━━━━━ Material shown ━━━━━

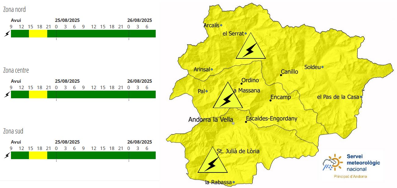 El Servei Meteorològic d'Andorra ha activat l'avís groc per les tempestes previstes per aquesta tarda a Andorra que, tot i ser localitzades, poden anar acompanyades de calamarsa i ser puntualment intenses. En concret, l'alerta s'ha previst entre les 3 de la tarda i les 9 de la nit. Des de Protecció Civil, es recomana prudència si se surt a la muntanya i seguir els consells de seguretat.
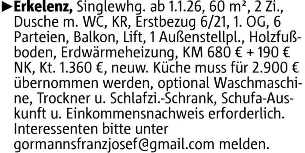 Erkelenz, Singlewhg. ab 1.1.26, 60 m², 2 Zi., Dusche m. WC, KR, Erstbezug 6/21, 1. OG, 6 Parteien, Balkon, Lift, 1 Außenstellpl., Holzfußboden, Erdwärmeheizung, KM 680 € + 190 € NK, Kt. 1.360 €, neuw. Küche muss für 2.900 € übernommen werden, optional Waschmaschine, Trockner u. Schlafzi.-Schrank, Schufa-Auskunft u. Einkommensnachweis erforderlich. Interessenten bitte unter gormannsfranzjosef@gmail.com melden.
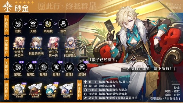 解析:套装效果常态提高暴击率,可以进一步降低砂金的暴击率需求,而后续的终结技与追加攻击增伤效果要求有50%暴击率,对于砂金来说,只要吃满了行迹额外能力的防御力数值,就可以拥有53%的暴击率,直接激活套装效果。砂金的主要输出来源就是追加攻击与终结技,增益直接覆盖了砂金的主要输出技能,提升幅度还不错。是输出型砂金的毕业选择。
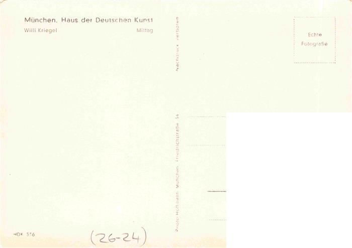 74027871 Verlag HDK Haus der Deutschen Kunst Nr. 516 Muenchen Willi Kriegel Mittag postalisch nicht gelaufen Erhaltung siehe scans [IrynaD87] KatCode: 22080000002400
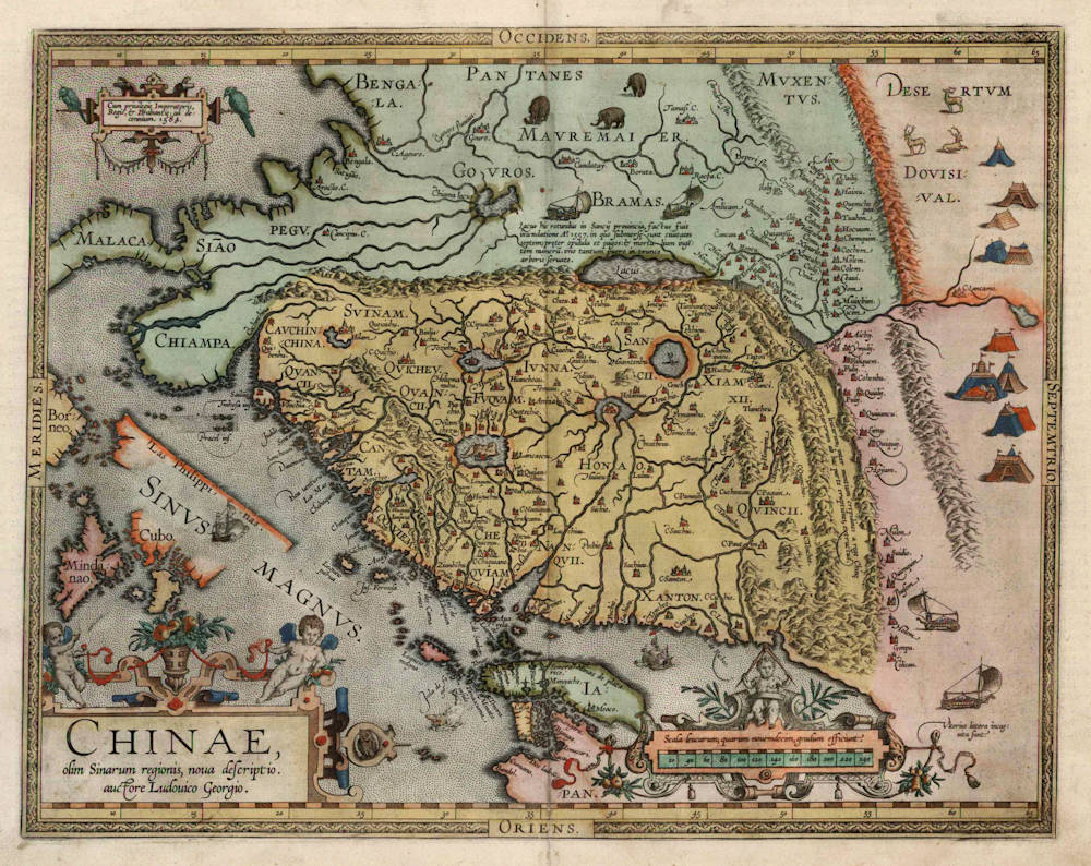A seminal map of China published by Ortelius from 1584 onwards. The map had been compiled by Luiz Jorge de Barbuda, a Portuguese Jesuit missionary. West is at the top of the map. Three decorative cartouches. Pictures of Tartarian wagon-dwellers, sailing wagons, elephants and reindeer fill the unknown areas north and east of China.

━━━━━
━━━━━ Material shown ━━━━━

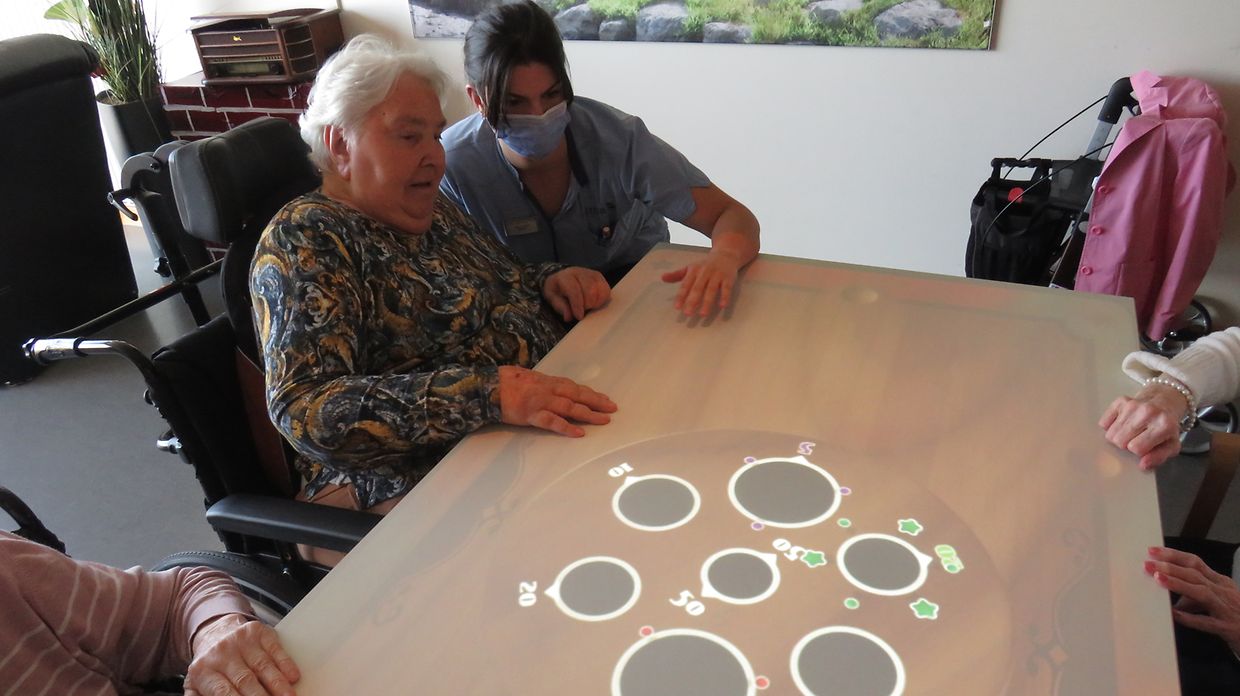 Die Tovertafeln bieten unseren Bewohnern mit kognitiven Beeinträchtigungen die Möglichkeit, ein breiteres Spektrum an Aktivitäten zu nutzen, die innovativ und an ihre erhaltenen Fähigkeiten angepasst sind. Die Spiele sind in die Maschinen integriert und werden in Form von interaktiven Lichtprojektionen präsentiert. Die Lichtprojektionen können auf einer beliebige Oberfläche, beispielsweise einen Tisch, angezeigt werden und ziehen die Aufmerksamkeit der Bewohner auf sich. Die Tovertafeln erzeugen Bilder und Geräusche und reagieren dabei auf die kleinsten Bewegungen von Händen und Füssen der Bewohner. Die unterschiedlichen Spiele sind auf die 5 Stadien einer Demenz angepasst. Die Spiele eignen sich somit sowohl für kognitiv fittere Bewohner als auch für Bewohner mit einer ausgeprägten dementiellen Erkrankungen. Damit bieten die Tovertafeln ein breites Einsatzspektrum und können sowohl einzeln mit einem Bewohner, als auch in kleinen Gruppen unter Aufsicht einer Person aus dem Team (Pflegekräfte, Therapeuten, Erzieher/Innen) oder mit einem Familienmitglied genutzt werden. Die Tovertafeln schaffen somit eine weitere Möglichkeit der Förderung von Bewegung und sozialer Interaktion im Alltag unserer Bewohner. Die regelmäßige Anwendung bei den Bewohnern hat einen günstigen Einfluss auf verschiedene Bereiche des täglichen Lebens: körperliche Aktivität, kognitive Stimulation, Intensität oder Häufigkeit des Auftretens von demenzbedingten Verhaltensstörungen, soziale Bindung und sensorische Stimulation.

━━━━━

> **Task brief**
Return exactly the part of the listing above that opens with the line containing "Erkelenz, Singlewhg. ab" and closes with the line containing "A seminal map". Pictures stay out.

> **Problem solution**
 Erkelenz, Singlewhg. ab 1.1.26, 60 m², 2 Zi., Dusche m. WC, KR, Erstbezug 6/21, 1. OG, 6 Parteien, Balkon, Lift, 1 Außenstellpl., Holzfußboden, Erdwärmeheizung, KM 680 € + 190 € NK, Kt. 1.360 €, neuw. Küche muss für 2.900 € übernommen werden, optional Waschmaschine, Trockner u. Schlafzi.-Schrank, Schufa-Auskunft u. Einkommensnachweis erforderlich. Interessenten bitte unter gormannsfranzjosef@gmail.com melden.
 解析:套装效果常态提高暴击率,可以进一步降低砂金的暴击率需求,而后续的终结技与追加攻击增伤效果要求有50%暴击率,对于砂金来说,只要吃满了行迹额外能力的防御力数值,就可以拥有53%的暴击率,直接激活套装效果。砂金的主要输出来源就是追加攻击与终结技,增益直接覆盖了砂金的主要输出技能,提升幅度还不错。是输出型砂金的毕业选择。
 74027871 Verlag HDK Haus der Deutschen Kunst Nr. 516 Muenchen Willi Kriegel Mittag postalisch nicht gelaufen Erhaltung siehe scans [IrynaD87] KatCode: 22080000002400
A seminal map of China published by Ortelius from 1584 onwards. The map had been compiled by Luiz Jorge de Barbuda, a Portuguese Jesuit missionary. West is at the top of the map. Three decorative cartouches. Pictures of Tartarian wagon-dwellers, sailing wagons, elephants and reindeer fill the unknown areas north and east of China.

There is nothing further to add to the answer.